Between Scylla and Charybdis: Europe’s Structural Vulnerability
Can Europe escape an economic model that makes openness a source of fragility?
Executive Summary
Europe’s openness has become its weakness. A Germany-centred, export-led model has produced deep asymmetries in demand, technology, and industrial capability. Overreliance on foreign markets and imported inputs — particularly from China and the US — has eroded the EU’s productive base and trapped peripheral economies in low-value segments.
The problem is structural, not cyclical. For two decades, the EU’s fiscal rules and wage restraint suppressed domestic demand, weakening both innovation and investment. The result is a one-way system in which the core exports surpluses while the periphery bears the cost of stagnation and technological dependence.
Europe’s vulnerabilities span demand, supply, technology, and resources. The Union is highly exposed to external shocks: its export concentration on China, its dependence on imported intermediate goods and digital technologies, and its near-total reliance on Chinese rare earths and critical minerals. These interlinked dependencies reinforce one another, turning temporary disruptions into persistent divergence.

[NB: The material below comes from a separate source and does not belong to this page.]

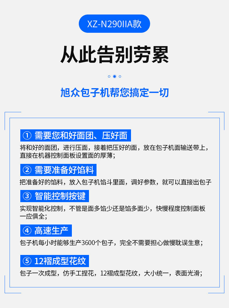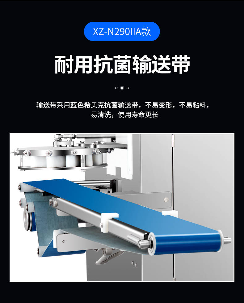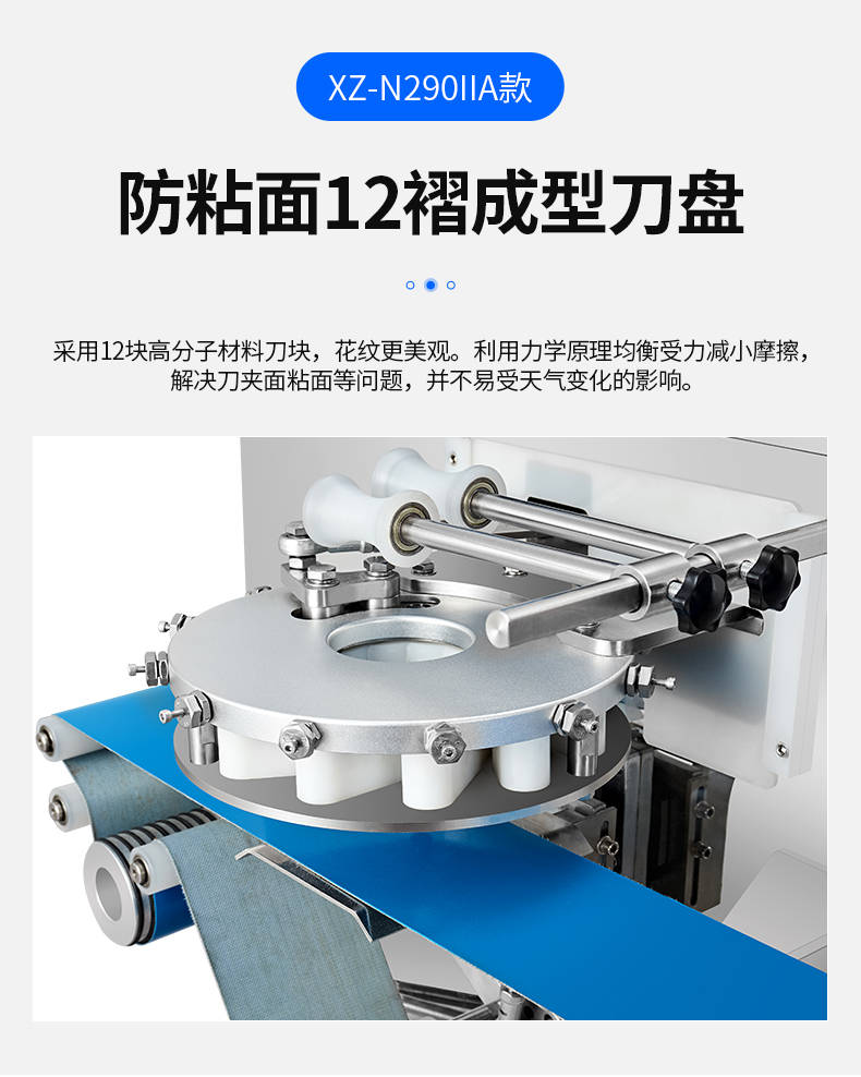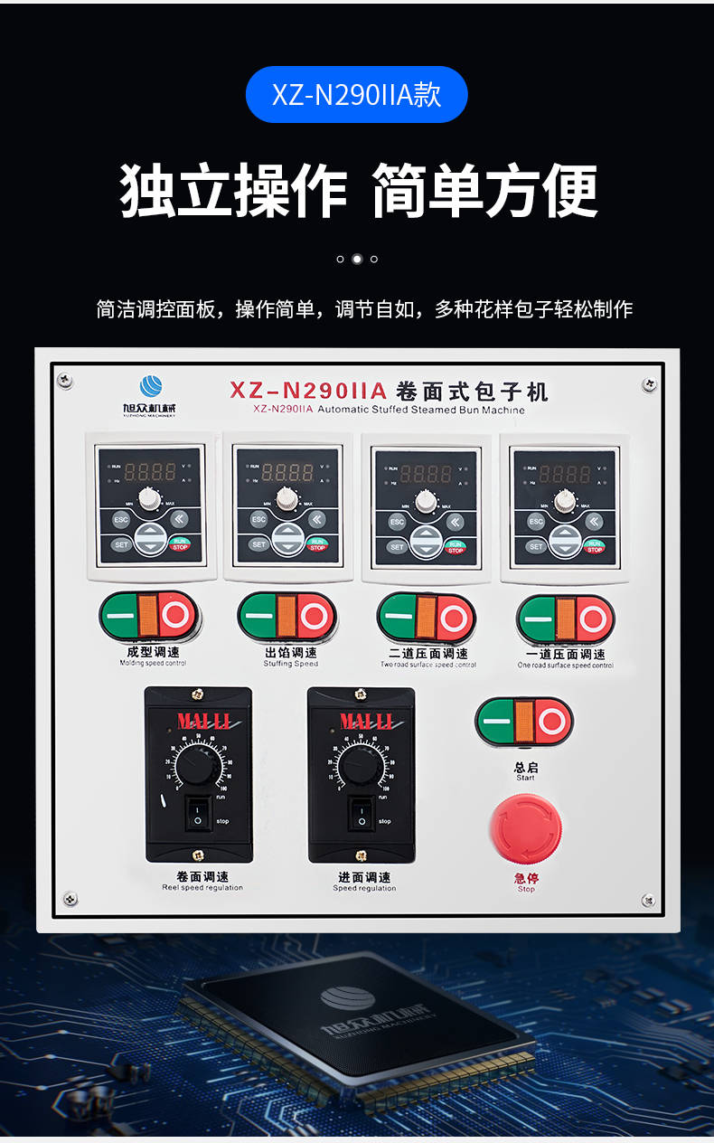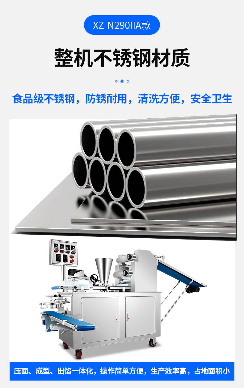 XZ-N290IIA卷面式包子機(jī),壓面成型面皮,卷面方式包餡。仿手工捏花、一次成型、表面光滑、口感勁道。面餡可調(diào)、制品多樣。產(chǎn)品重量精度高,規(guī)格,大小,面皮的厚度皆可調(diào)控。

Policy reform has begun, but at insufficient scale. New EU initiatives — from the Chips Act to the Green Deal Industrial Plan — signal a long-overdue turn toward industrial policy. Yet their logic remains largely horizontal, reliant on private incentives and national resources. Without common funding, selective coordination, and public procurement at EU level, they risk deepening divergence rather than correcting it.
Rebuilding resilience requires reshaping Europe’s growth model. Strategic autonomy must mean demand-driven investment and shared capacity-building, not isolation. Only an integrated industrial and fiscal framework — linking demand, innovation, and cohesion — can reverse the vicious circle of low demand, weak supply, and widening gaps.
Policy recommendations
- Anchor EU industrial policy in demand growth, using public investment and procurement to stimulate technological upgrading.
- Reform fiscal rules to enable counter-cyclical and capability-building investment across all member states.
- Create a permanent EU investment instrument to finance strategic technologies, energy infrastructure, and regional diversification.
- Integrate resilience monitoring into EU economic governance, tracking dependencies across value chains.
- Ensure cohesion by pairing diversification and reindustrialisation strategies with regional capacity-building.